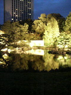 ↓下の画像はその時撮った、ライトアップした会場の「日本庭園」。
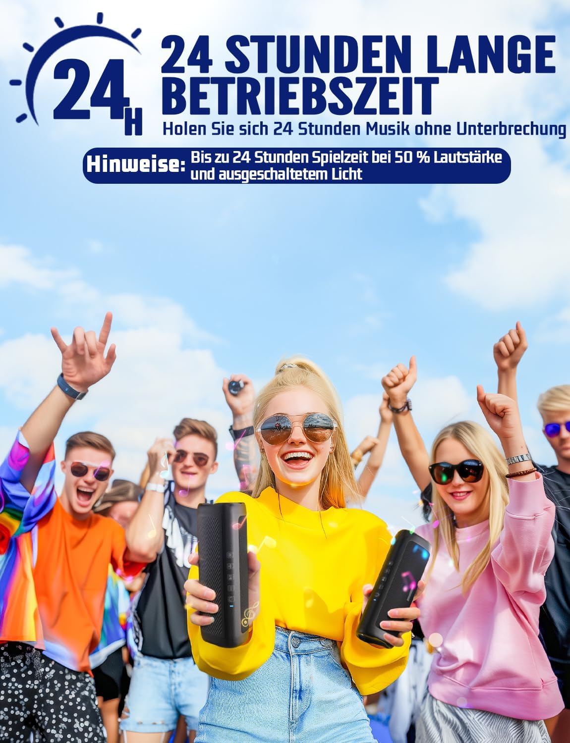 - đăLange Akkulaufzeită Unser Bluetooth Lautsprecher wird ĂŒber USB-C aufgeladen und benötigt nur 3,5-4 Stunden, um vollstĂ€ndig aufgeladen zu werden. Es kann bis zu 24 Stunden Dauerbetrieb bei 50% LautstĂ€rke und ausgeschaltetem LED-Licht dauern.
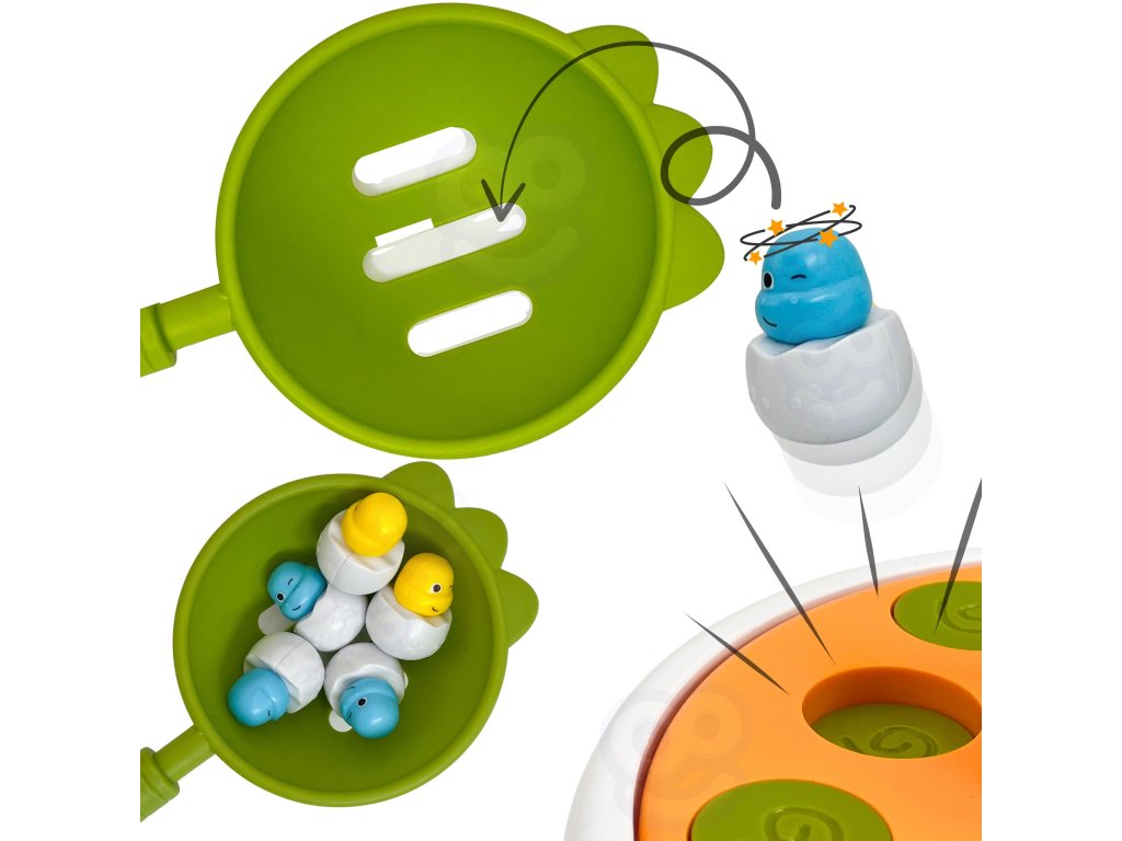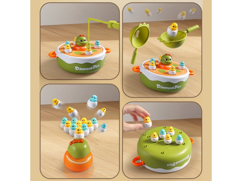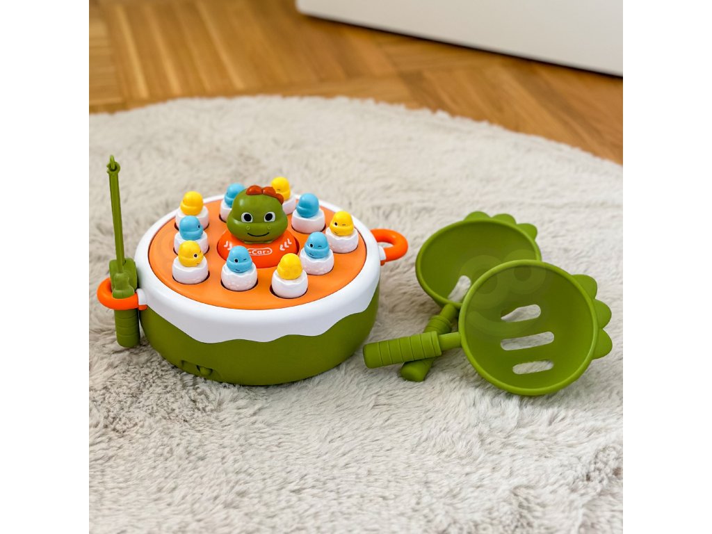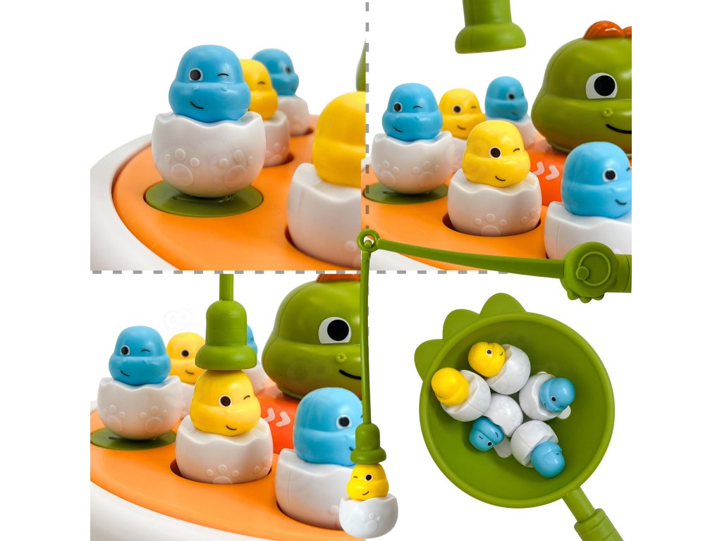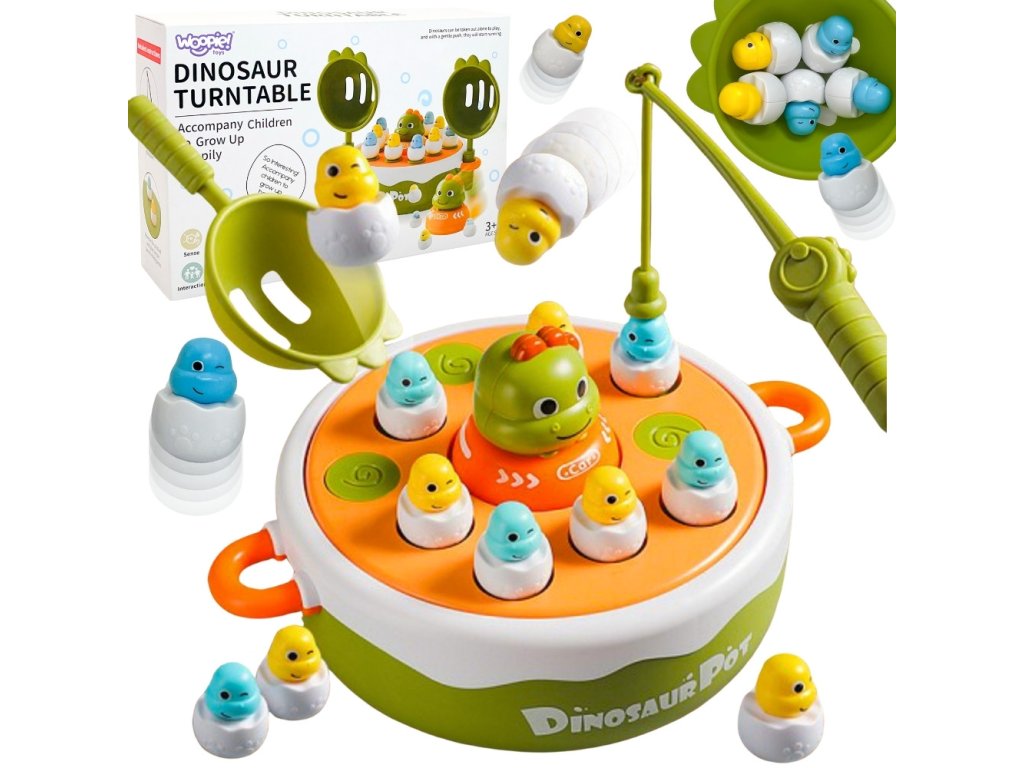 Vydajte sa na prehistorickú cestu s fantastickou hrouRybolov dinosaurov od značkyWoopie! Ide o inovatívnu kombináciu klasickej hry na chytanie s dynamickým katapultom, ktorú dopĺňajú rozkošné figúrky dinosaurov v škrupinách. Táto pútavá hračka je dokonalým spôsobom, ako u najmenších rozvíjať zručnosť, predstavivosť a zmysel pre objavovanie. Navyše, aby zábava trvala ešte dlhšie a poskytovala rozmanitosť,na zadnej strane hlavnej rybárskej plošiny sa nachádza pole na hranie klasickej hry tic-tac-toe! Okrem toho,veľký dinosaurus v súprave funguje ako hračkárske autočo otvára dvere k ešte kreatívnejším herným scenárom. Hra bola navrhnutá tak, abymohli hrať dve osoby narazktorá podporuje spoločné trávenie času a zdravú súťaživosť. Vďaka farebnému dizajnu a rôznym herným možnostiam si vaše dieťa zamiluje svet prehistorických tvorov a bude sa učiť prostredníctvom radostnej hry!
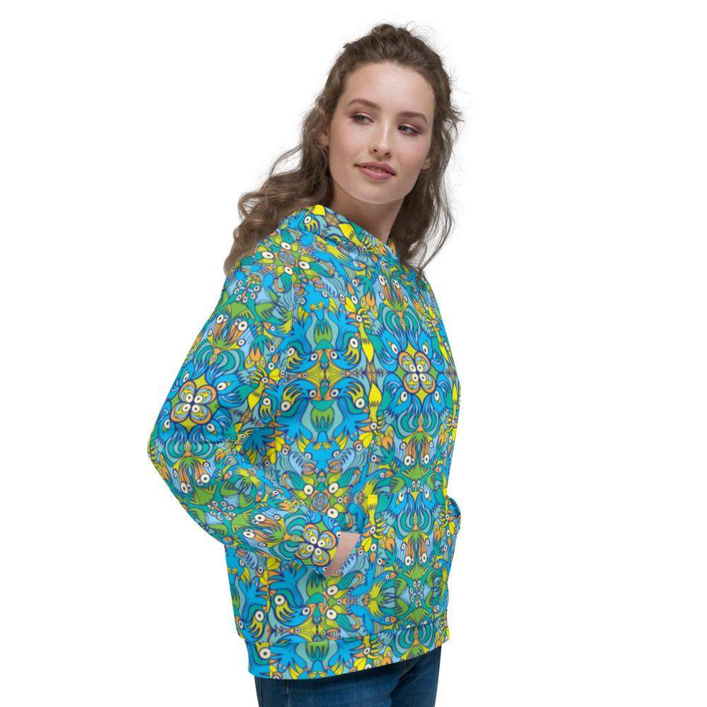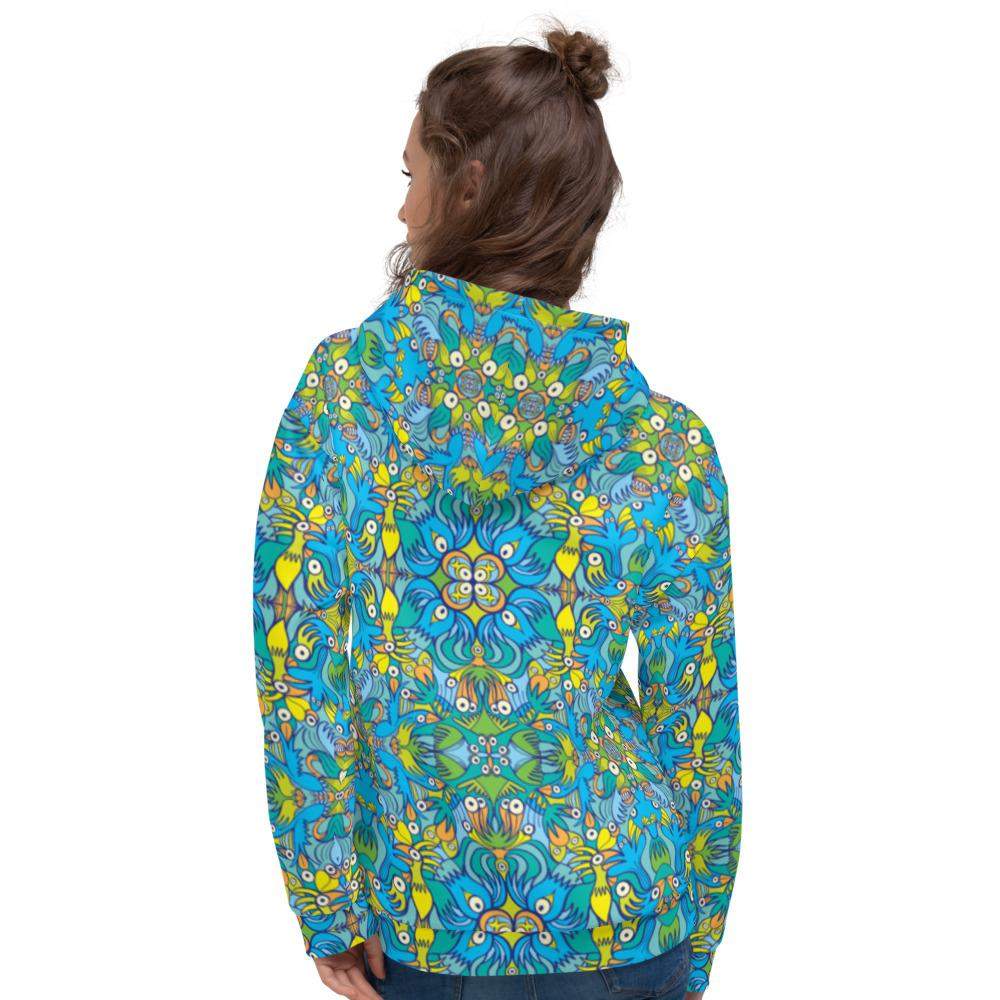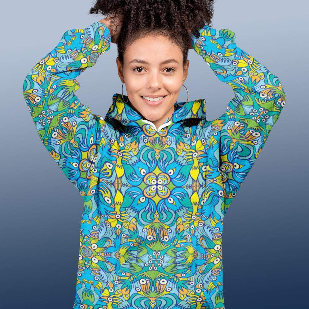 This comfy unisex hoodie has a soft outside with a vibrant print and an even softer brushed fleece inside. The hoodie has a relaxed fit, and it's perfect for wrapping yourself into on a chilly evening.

Problem to work on: Leave every image out when you return the material above word for word.

Answer box:
 ↓下の画像はその時撮った、ライトアップした会場の「日本庭園」。
 - đăLange Akkulaufzeită Unser Bluetooth Lautsprecher wird ĂŒber USB-C aufgeladen und benötigt nur 3,5-4 Stunden, um vollstĂ€ndig aufgeladen zu werden. Es kann bis zu 24 Stunden Dauerbetrieb bei 50% LautstĂ€rke und ausgeschaltetem LED-Licht dauern.
 Vydajte sa na prehistorickú cestu s fantastickou hrouRybolov dinosaurov od značkyWoopie! Ide o inovatívnu kombináciu klasickej hry na chytanie s dynamickým katapultom, ktorú dopĺňajú rozkošné figúrky dinosaurov v škrupinách. Táto pútavá hračka je dokonalým spôsobom, ako u najmenších rozvíjať zručnosť, predstavivosť a zmysel pre objavovanie. Navyše, aby zábava trvala ešte dlhšie a poskytovala rozmanitosť,na zadnej strane hlavnej rybárskej plošiny sa nachádza pole na hranie klasickej hry tic-tac-toe! Okrem toho,veľký dinosaurus v súprave funguje ako hračkárske autočo otvára dvere k ešte kreatívnejším herným scenárom. Hra bola navrhnutá tak, abymohli hrať dve osoby narazktorá podporuje spoločné trávenie času a zdravú súťaživosť. Vďaka farebnému dizajnu a rôznym herným možnostiam si vaše dieťa zamiluje svet prehistorických tvorov a bude sa učiť prostredníctvom radostnej hry!
 This comfy unisex hoodie has a soft outside with a vibrant print and an even softer brushed fleece inside. The hoodie has a relaxed fit, and it's perfect for wrapping yourself into on a chilly evening.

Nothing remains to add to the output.